In [None]:
from langchain_core.messages import SystemMessage
from transformers import AutoModelForCausalLM, AutoTokenizer, pipeline
from langchain_core.prompts import ChatPromptTemplate, HumanMessagePromptTemplate
from langchain import HuggingFaceHub
from langchain.llms import HuggingFacePipeline
import subprocess
import os
import pandas as pd

# Setup the prompt templates
human_prompt = HumanMessagePromptTemplate.from_template("{request}")
chat_prompt = ChatPromptTemplate.from_messages([
    ("system", "You are a highly skilled data scientist with 20 years of experience. You specialize in writing clean, efficient, and error-free ML code. Generate only the code snippets without any explanations or comments."),
    human_prompt
])

# Initialize the Hugging Face model
model_id = "Qwen/CodeQwen1.5-7B-Chat"
tokenizer = AutoTokenizer.from_pretrained(model_id)
model = AutoModelForCausalLM.from_pretrained(model_id)
pipe = pipeline("text-generation", model=model,
                tokenizer=tokenizer, max_new_tokens=500)
hf_model = HuggingFacePipeline(pipeline=pipe)

In [None]:
from transformers import AutoModelForCausalLM, AutoTokenizer
import torch

model = AutoModelForCausalLM.from_pretrained("Qwen/Qwen1.5-7B-Chat")
tokenizer = AutoTokenizer.from_pretrained("Qwen/Qwen1.5-7B-Chat")
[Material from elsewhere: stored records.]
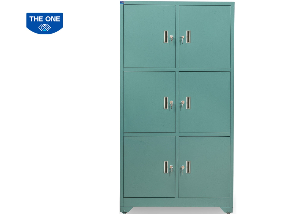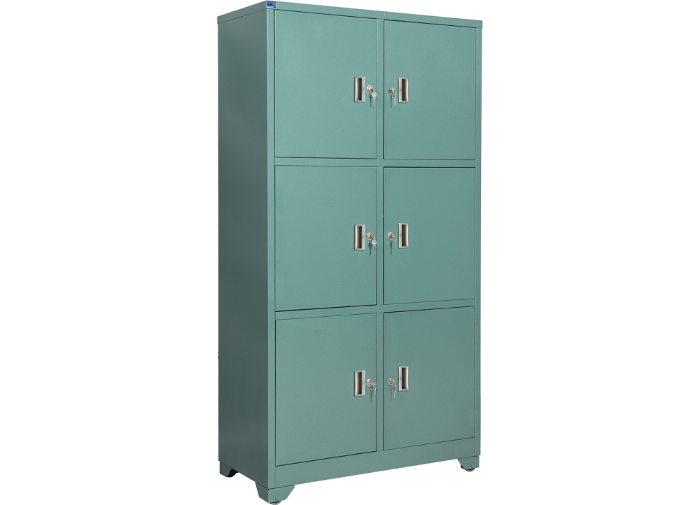 Tủ sắt thép dày gồm 6 khoang. Mỗi cánh có tay nắm và ổ khóa chìa.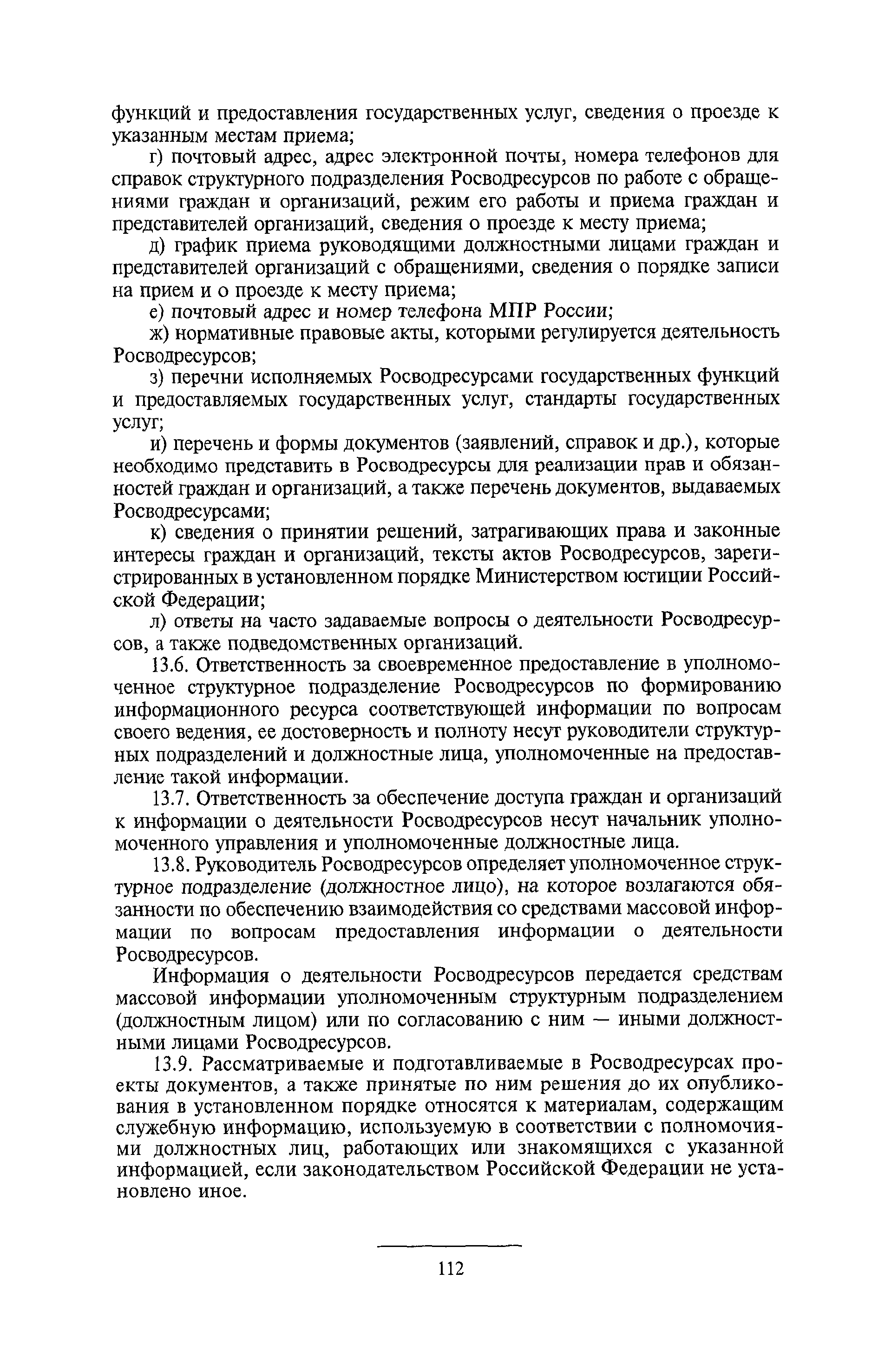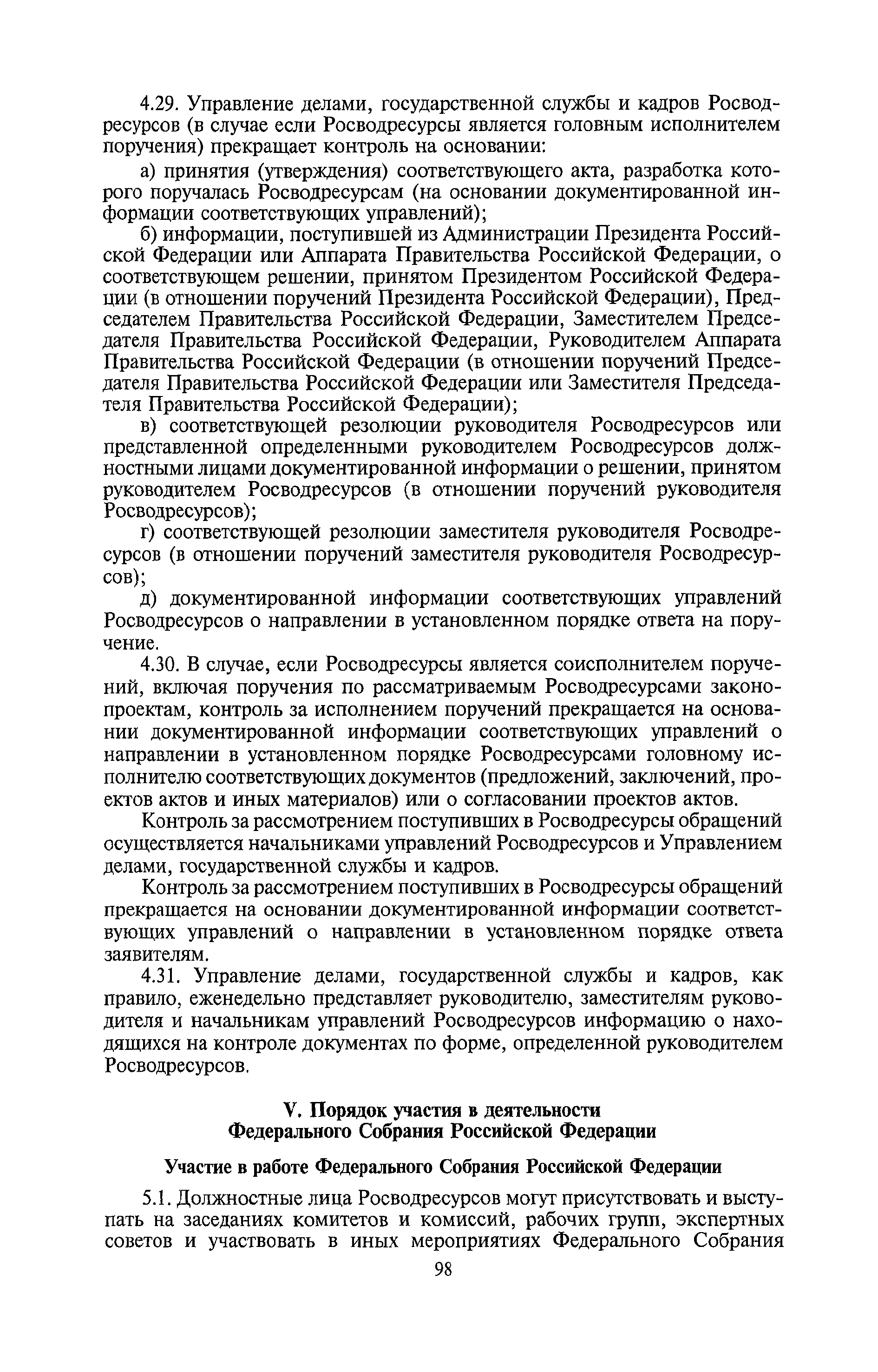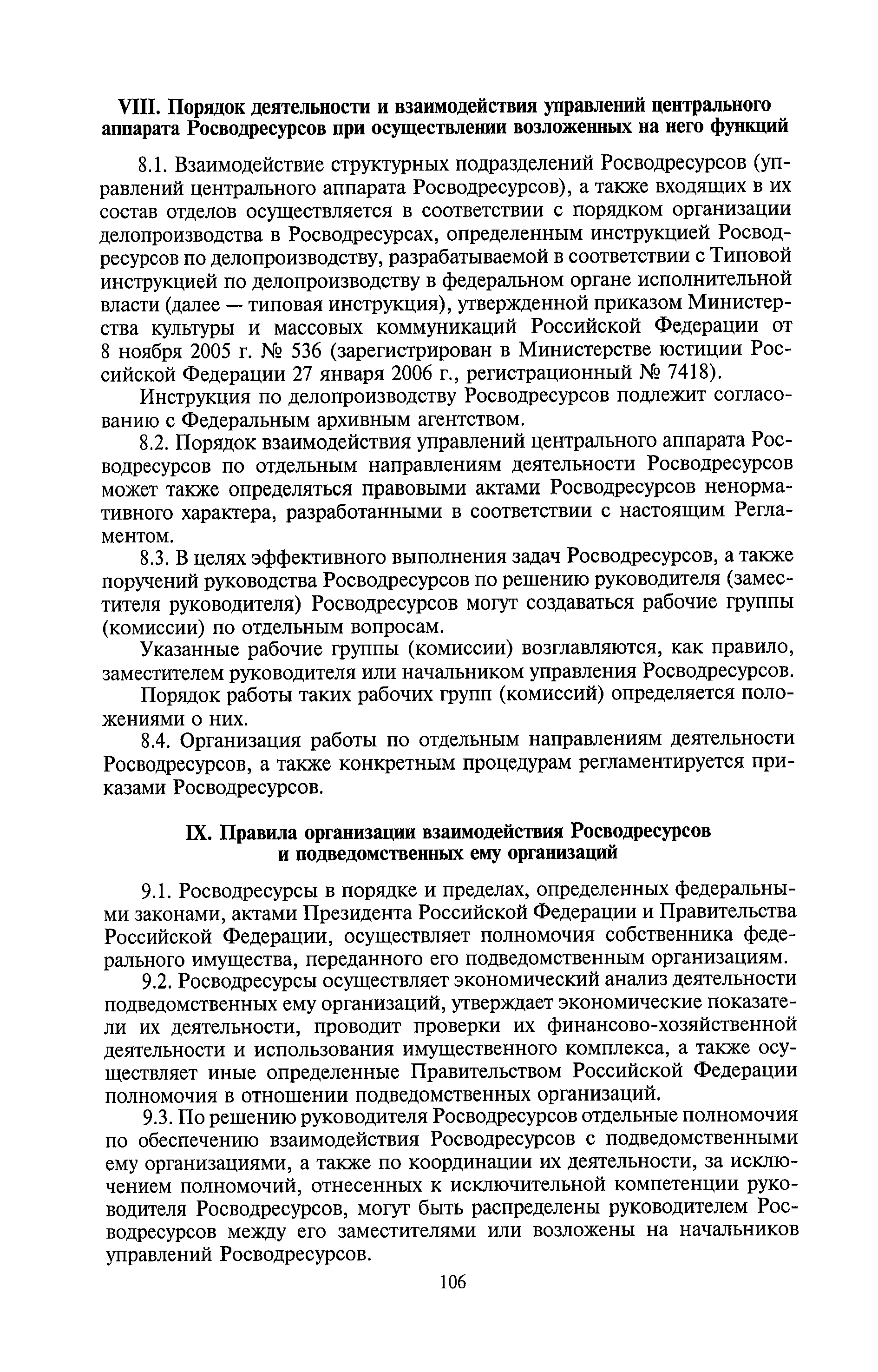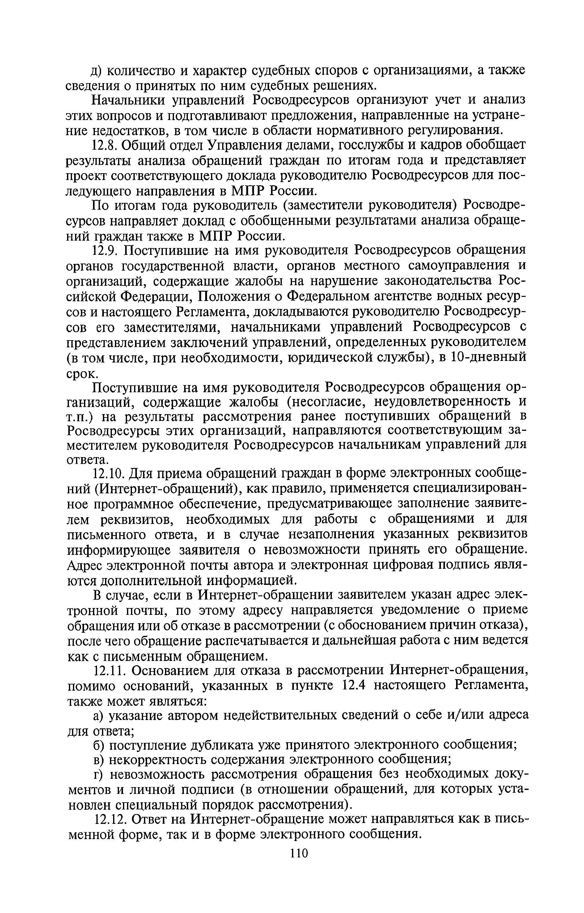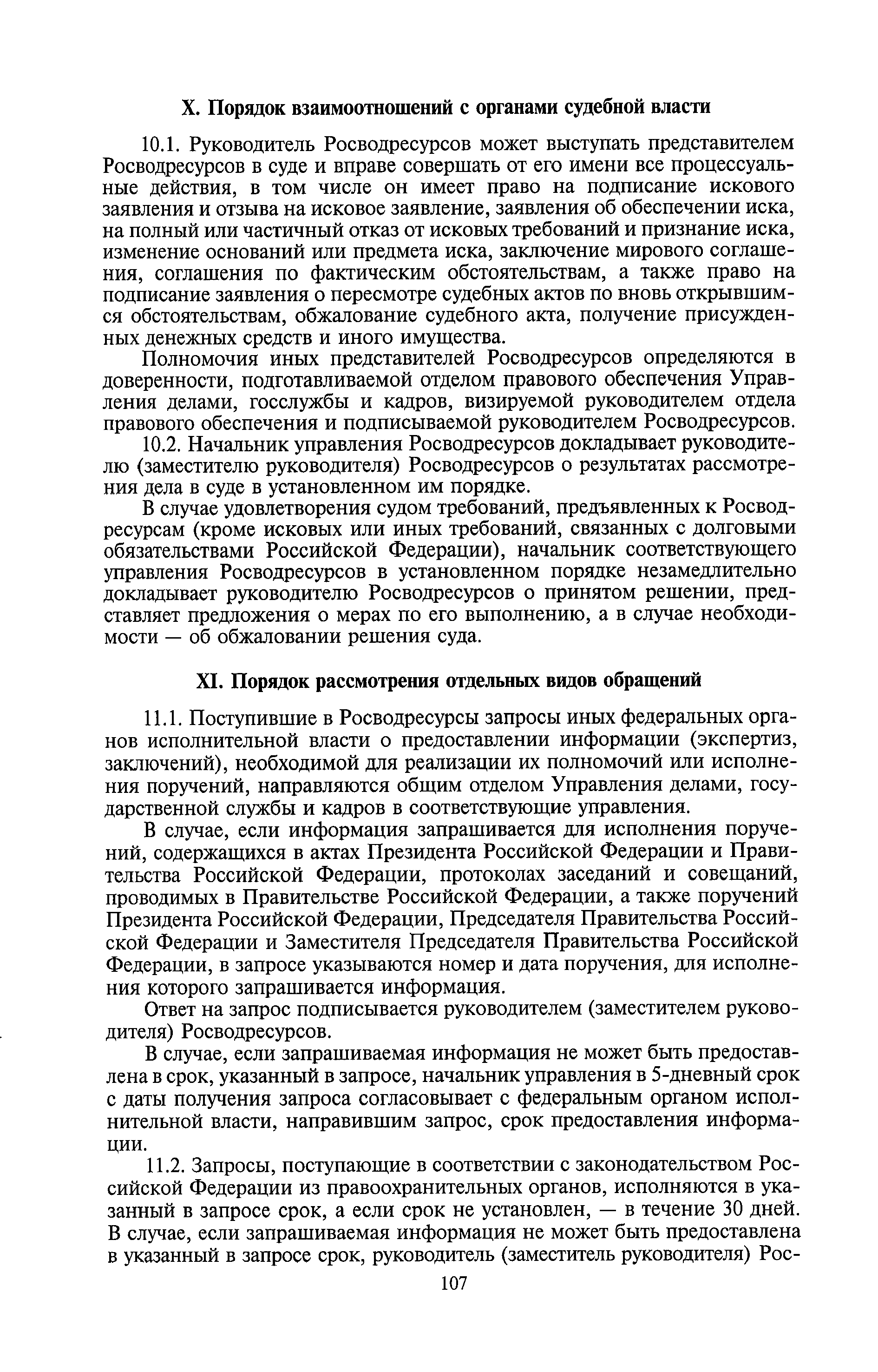 | Оглавление: | I. Общие положения II. Порядок планирования и организации работы III. Порядок подготовки и оформления решений Росводресурсов IV. Порядок исполнения поручений в Росводресурсах V. Порядок участия в деятельности ФС РФ VI. Порядок взаимодействия Росводресурсов и Минприроды России VII. Правила организации деятельности территориальных органов Росводресурсов VIII. Порядок деятельности и взаимодействия управлений центрального аппарата Росводресурсов при осуществлении возложенных на него функций IX. Правила организации взаимодействия Росводресурсов и подведомственных ему организаций X. Порядок взаимоотношений с органами судебной власти XI. Порядок рассмотрения отдельных видов обращений ХII. Порядок работы с обращениями граждан и организаций, прием граждан XIII. Доступ к информации о деятельности Росводресурсов |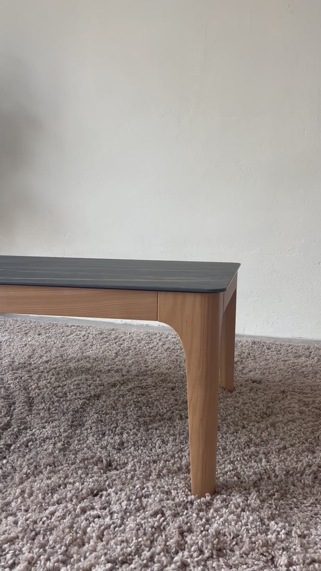 La mesa de centro Madeira combina la calidez de la madera natural con la solidez contemporánea del porcelánico. Su estructura y patas de fresno, con vetas suaves y un acabado luminoso, aportan un toque orgánico y sereno al espacio. Sobre ellas descansa una tapa de porcelánico negro, elegante y resistente, que introduce un contraste sofisticado y atemporal.
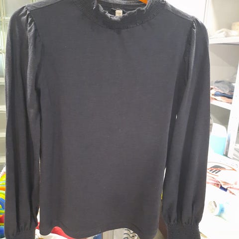 Pompbeluxin musta paita röyhelöillä

prompt = "Give me a short introduction to large language model."

messages = [{"role": "user", "content": prompt}]

text = tokenizer.apply_chat_template(
    messages, tokenize=False, add_generation_prompt=True)

model_inputs = tokenizer([text], return_tensors="pt")

generated_ids = model.generate(
    model_inputs.input_ids, max_new_tokens=512, do_sample=True)

generated_ids = [output_ids[len(input_ids):] for input_ids, output_ids in zip(
    model_inputs.input_ids, generated_ids)]

response = tokenizer.batch_decode(generated_ids, skip_special_tokens=True)[0]
print(response)

In [None]:
csv_path = "/Users/ilya/Desktop/GitHub_Repositories/HW_University/Data_Mining/datasets/Iris.csv"
if not os.path.exists(csv_path):
    raise FileNotFoundError(f"CSV file not found at path: {csv_path}")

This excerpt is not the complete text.